What I came up with:
Basically first we can try to find a start node. If there is a node such that there is no incoming edge to it (there could be atmost one such node). I may find a start node or may not. Also I will do some preprocessing to find the total number of nodes(lets call it n). Now I will start a DFS from the start node marking nodes as visited when I reach them and counting how many nodes I visited. If I can reach n nodes by this method. I am done. If I hit a node, from which there are no outgoing edges to any unvisited node, I have hit a dead end, and I will just mark that node as unvisited again, reduce the pointer and go to its previous node to try a different route.
This was the case when I find a start node. If I dont find a start node, I will just have to try this with various nodes.
I have no idea if I am even close to the solution. Can anyone help me in this regard?
In my opinion, if there is no incoming edge to a node, it means that node is a start node. You can traverse the graph using this start node. And if this start node can not visit all the n nodes, then there is no solution (as you said that all the nodes must be present in the output list.).
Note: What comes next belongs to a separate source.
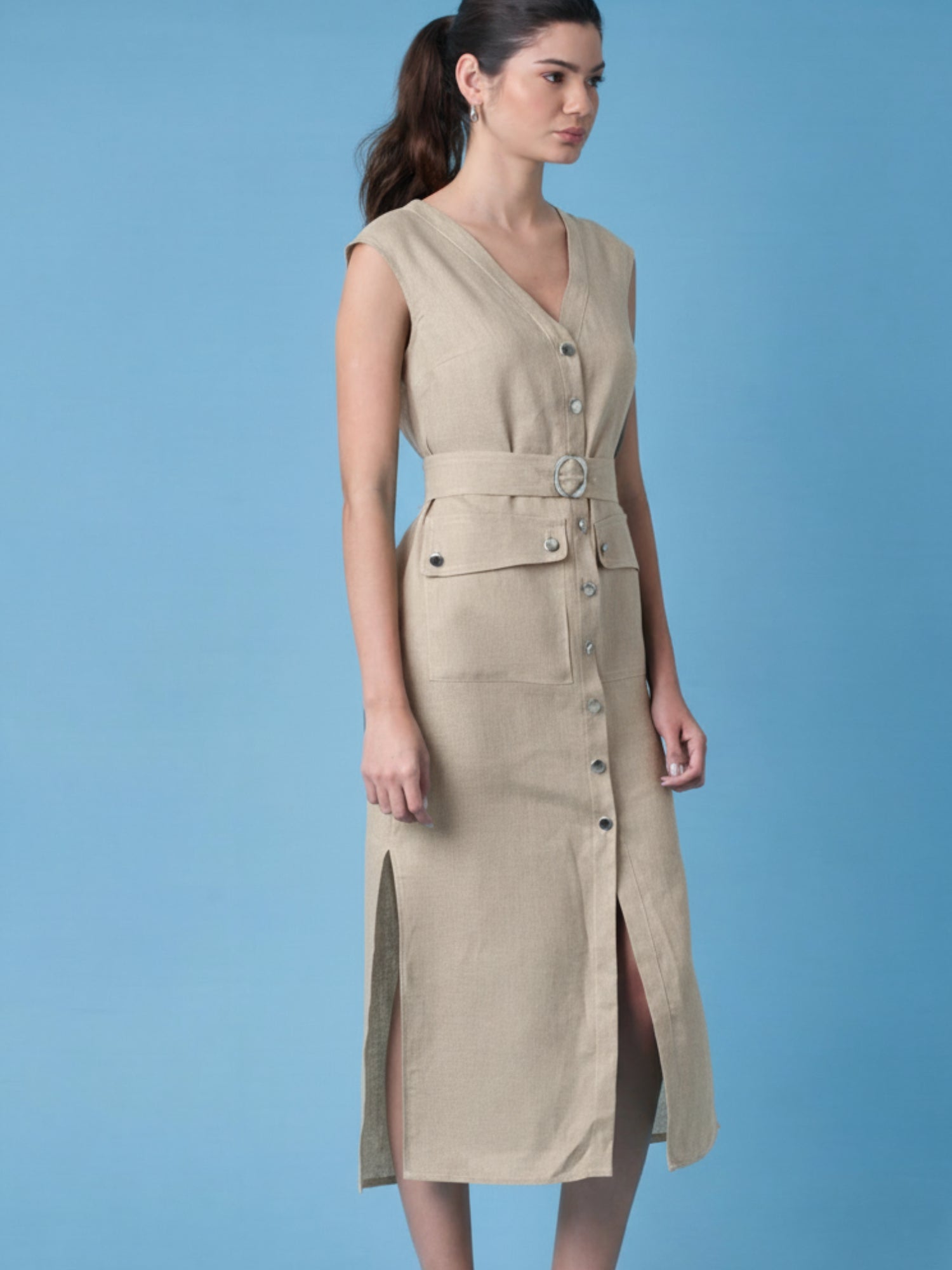 Vestido largo de escote en “V” y manga sisa, diseñado para un look elegante y natural. Su corte comfort fit aporta una silueta fluida y cómoda, ideal para mantener sofisticación sin sacrificar confort.

This is because if you start with some other nodes, you won't be able to reach this start node.
The problem with your solution is that if you enter a loop you don't know if and when to exit.
A DFS search in these conditions can easily became a non polynomial task!
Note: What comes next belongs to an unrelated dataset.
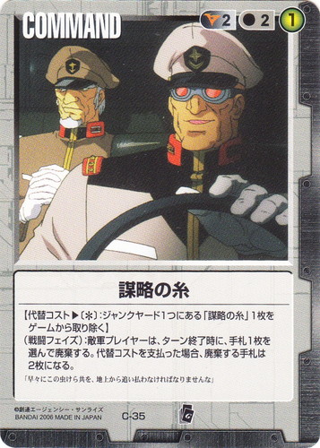 ![]() ![]() | C-35 謀略の糸 COMMAND エクステンションブースター 色:黒 コスト[指定/合計(資源)]:黒2/2① 【代替コスト▶[*]:ジャンクヤード1つにある「謀略の糸」1枚をゲームから取り除く】 (戦闘フェイズ):敵軍プレイヤーは、ターン終了時に、手札1枚を選んで廃棄する。代替コストを支払った場合、廃棄する手札は2枚になる。 「早々にこの虫けら共を、地上から追い払わなければなりませんな」 |

Let me introduce a polynomial algorithm for your problem.
It looks complicated I hope there's room for simplifications.
Here my suggested solution
1) For each node construct the table of the nodes it can reach (if a can reach b and c; b can reach d; c can reach e; a can reach b,c,d,e even tough there is not a single pathfrom a passing through all of them).
If no node can reach all the other ones you're done: there is no the path you're looking for.
2) Find loops. That's easy: if a node can reach itself, there is a loop. This should be part of the construction of the table at the previous point.
Once you have find one loop you can shrink it (and its nodes) to the representative node whose ingoing (outgoing) connections are the union of the ingoing (outgoing) connections of the nodes in the loop.
You keep reducing loops until you cannot do any more.
3) At this point you are left with an acyclic graph, If there is a path connecting all nodes, there is a single node connected to all and starting from it you can perform depth first search.
4)
Write down the path by replacing the traversal of representative nodes with a loop from the entry point of the loop to the exit point.